(Records from a data source)
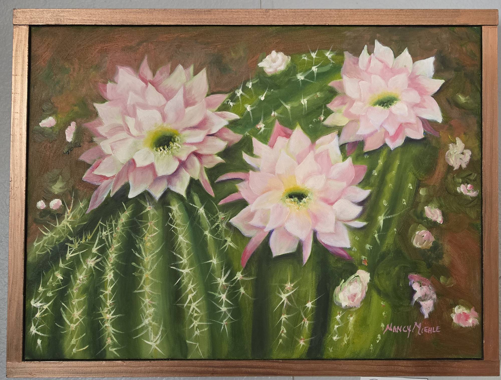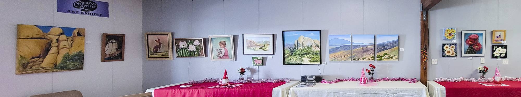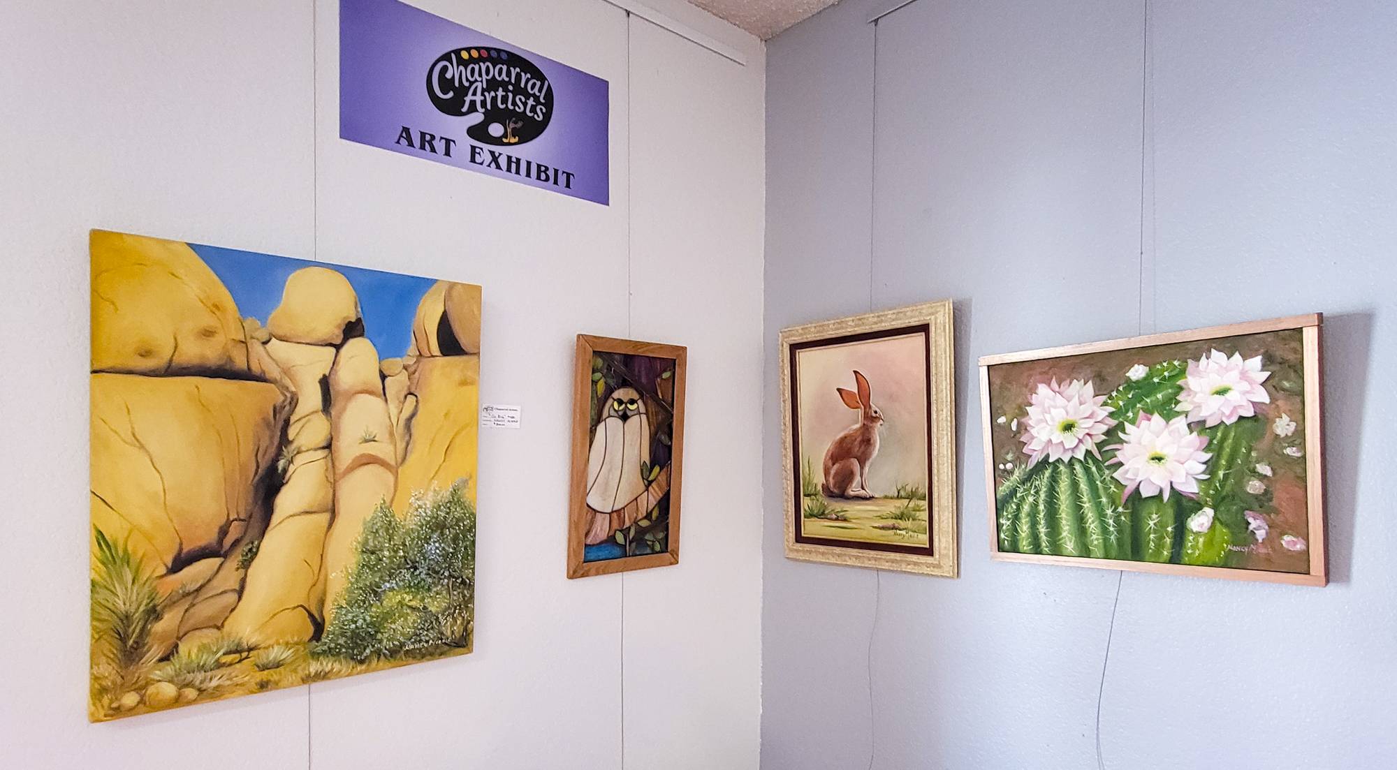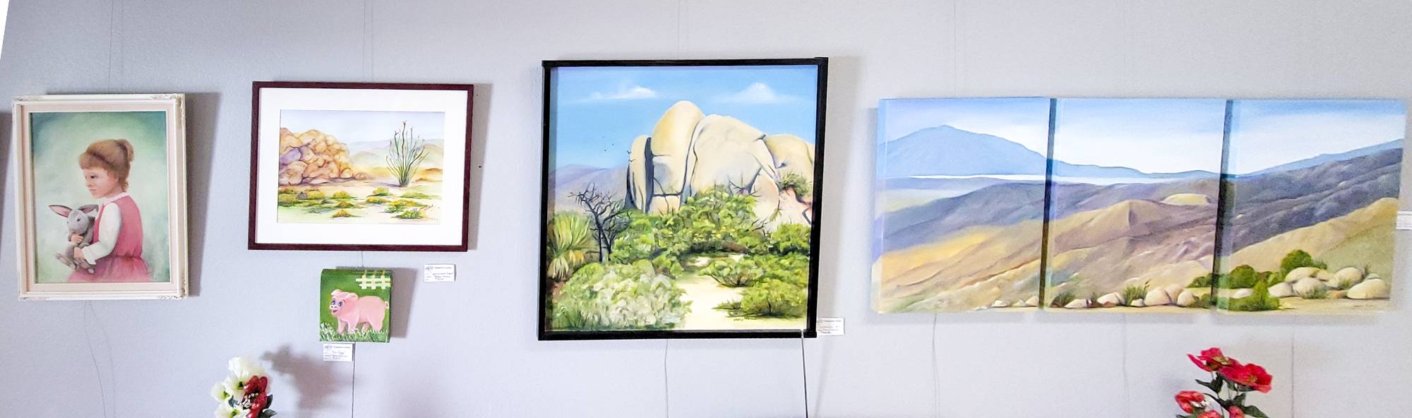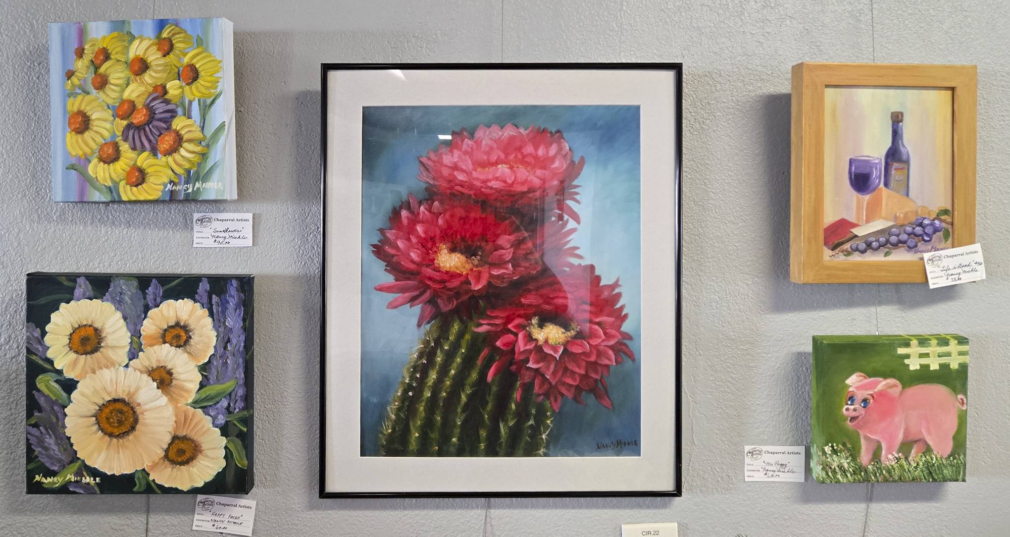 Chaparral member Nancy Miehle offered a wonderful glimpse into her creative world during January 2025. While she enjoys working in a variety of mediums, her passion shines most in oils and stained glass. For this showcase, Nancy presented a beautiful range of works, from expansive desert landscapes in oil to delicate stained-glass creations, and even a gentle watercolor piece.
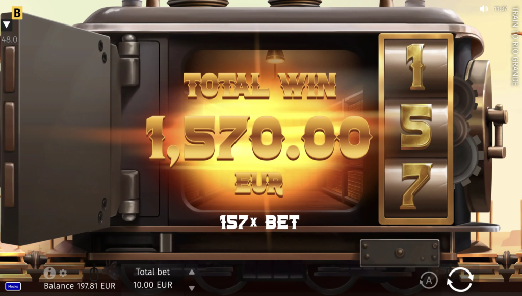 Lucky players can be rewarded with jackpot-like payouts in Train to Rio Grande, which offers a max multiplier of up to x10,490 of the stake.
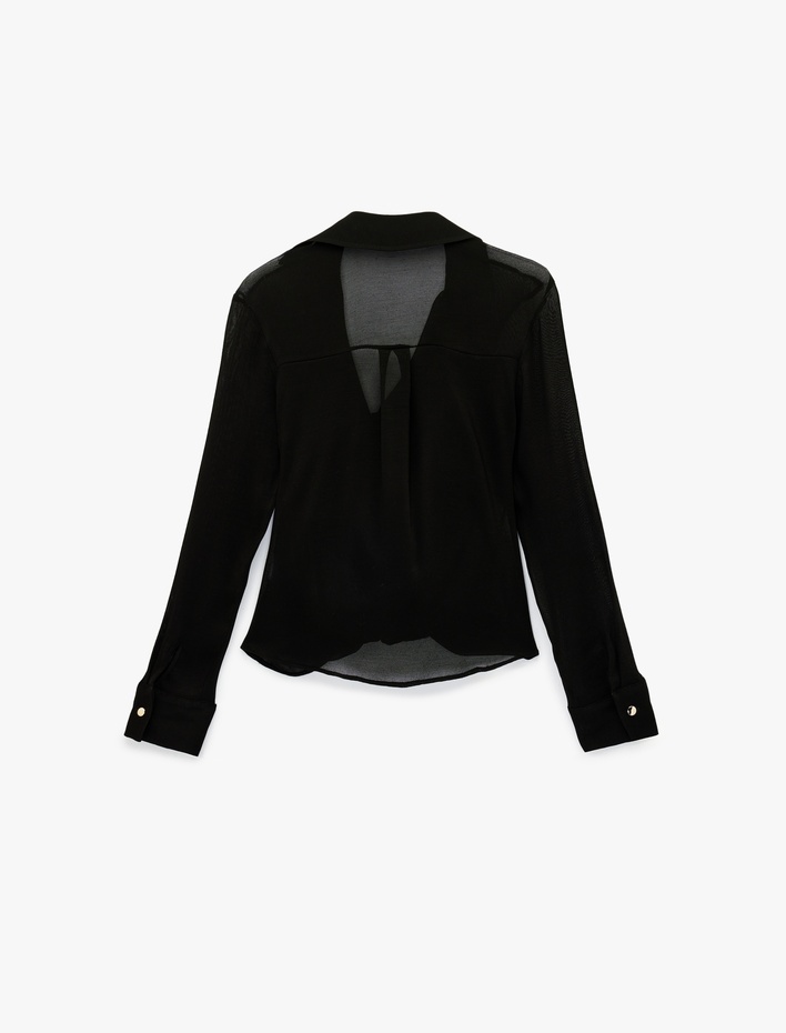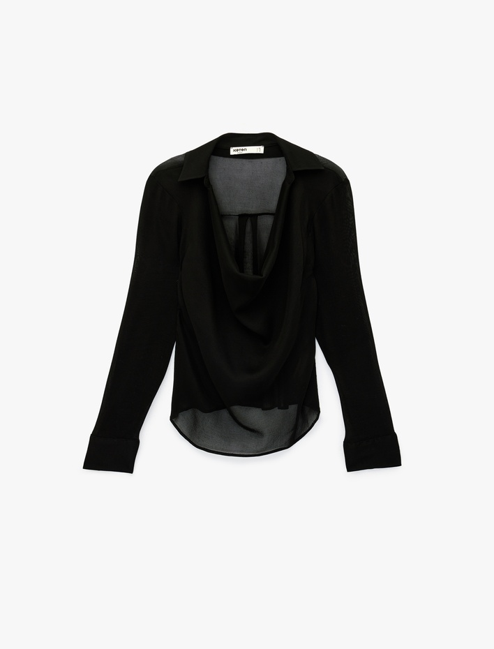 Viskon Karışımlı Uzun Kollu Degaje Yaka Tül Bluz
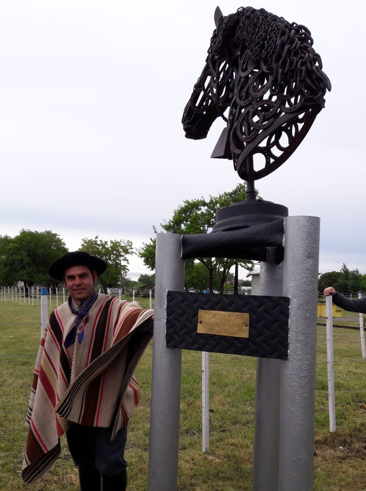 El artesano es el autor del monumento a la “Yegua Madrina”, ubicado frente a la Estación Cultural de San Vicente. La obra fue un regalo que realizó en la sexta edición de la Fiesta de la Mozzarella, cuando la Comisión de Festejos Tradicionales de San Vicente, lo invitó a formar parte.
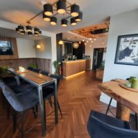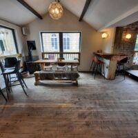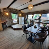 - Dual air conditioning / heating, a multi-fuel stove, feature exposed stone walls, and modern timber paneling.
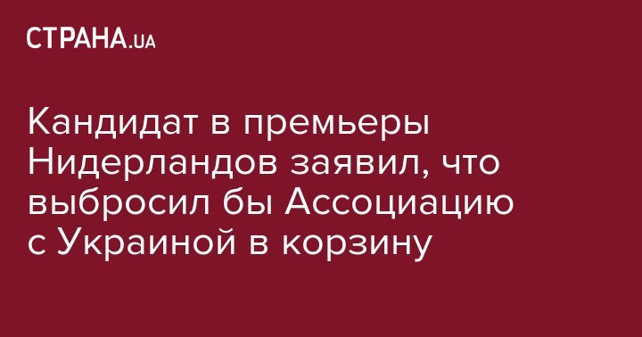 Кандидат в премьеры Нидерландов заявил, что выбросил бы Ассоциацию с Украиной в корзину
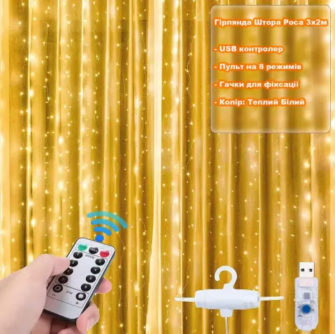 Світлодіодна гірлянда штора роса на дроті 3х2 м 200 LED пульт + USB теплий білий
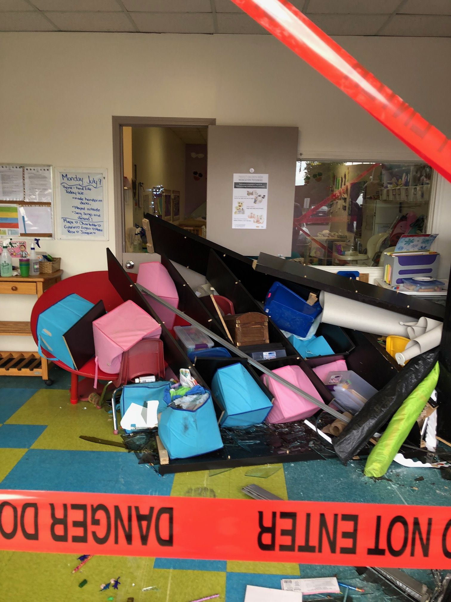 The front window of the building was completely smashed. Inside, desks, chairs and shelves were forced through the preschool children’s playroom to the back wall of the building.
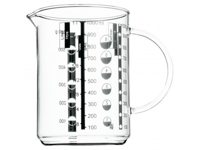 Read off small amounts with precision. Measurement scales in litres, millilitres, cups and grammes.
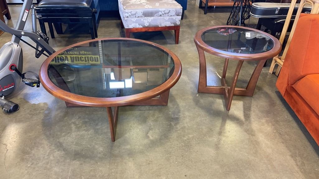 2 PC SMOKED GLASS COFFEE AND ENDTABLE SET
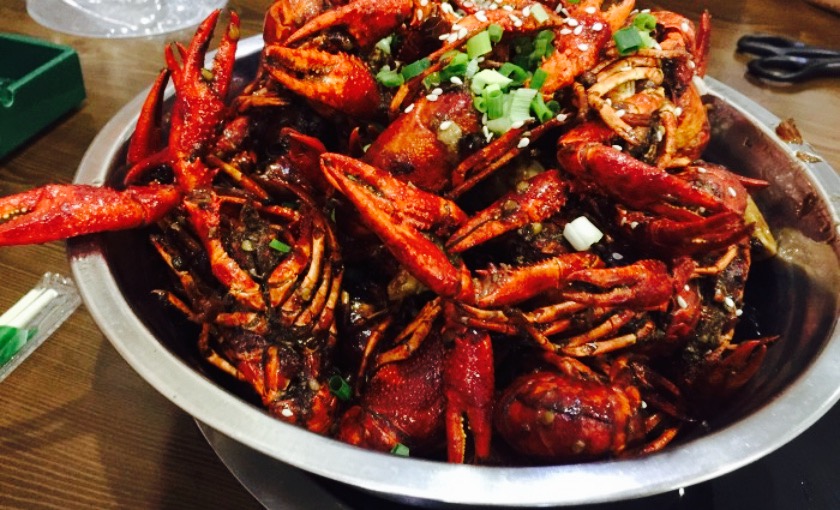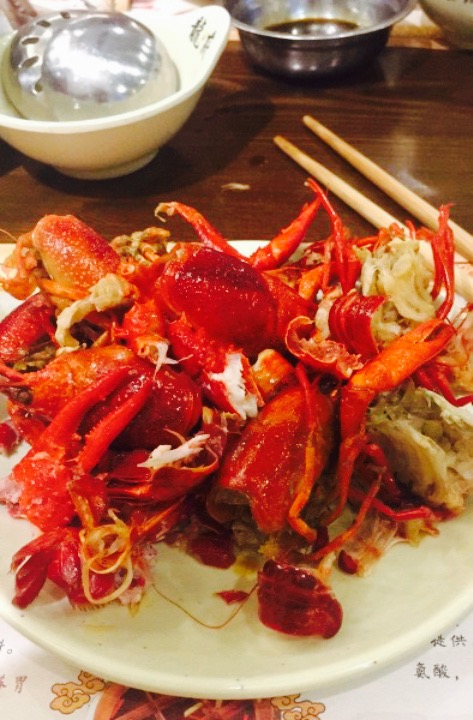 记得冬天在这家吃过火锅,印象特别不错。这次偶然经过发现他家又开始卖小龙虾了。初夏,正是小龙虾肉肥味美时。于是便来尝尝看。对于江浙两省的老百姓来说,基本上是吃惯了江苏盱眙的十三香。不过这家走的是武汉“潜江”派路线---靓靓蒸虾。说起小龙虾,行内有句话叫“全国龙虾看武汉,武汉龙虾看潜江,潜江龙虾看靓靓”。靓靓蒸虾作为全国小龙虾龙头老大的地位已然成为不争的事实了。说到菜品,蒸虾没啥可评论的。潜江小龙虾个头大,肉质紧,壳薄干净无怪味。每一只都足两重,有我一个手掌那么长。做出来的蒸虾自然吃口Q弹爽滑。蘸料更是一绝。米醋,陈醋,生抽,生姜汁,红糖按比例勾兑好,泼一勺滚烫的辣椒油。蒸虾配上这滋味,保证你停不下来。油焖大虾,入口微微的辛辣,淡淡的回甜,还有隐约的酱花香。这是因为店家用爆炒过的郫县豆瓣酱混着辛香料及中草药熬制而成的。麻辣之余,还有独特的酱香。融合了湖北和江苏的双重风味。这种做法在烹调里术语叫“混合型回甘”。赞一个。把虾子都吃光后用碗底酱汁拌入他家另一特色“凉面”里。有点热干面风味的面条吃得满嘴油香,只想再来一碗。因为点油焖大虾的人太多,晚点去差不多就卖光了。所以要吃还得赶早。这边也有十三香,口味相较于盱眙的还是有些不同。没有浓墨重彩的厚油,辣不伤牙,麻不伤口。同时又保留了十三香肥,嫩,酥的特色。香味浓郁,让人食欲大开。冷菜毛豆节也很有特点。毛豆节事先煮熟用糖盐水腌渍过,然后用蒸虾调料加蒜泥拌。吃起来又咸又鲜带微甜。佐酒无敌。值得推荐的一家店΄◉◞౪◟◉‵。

## Task goal
The answer must consist solely of the lines from the first line of the records through the line containing "Кандидат в премьеры", reproduced exactly and without the pictures.

## Response
 Chaparral member Nancy Miehle offered a wonderful glimpse into her creative world during January 2025. While she enjoys working in a variety of mediums, her passion shines most in oils and stained glass. For this showcase, Nancy presented a beautiful range of works, from expansive desert landscapes in oil to delicate stained-glass creations, and even a gentle watercolor piece.
 Lucky players can be rewarded with jackpot-like payouts in Train to Rio Grande, which offers a max multiplier of up to x10,490 of the stake.
 Viskon Karışımlı Uzun Kollu Degaje Yaka Tül Bluz
 El artesano es el autor del monumento a la “Yegua Madrina”, ubicado frente a la Estación Cultural de San Vicente. La obra fue un regalo que realizó en la sexta edición de la Fiesta de la Mozzarella, cuando la Comisión de Festejos Tradicionales de San Vicente, lo invitó a formar parte.
 - Dual air conditioning / heating, a multi-fuel stove, feature exposed stone walls, and modern timber paneling.
 Кандидат в премьеры Нидерландов заявил, что выбросил бы Ассоциацию с Украиной в корзину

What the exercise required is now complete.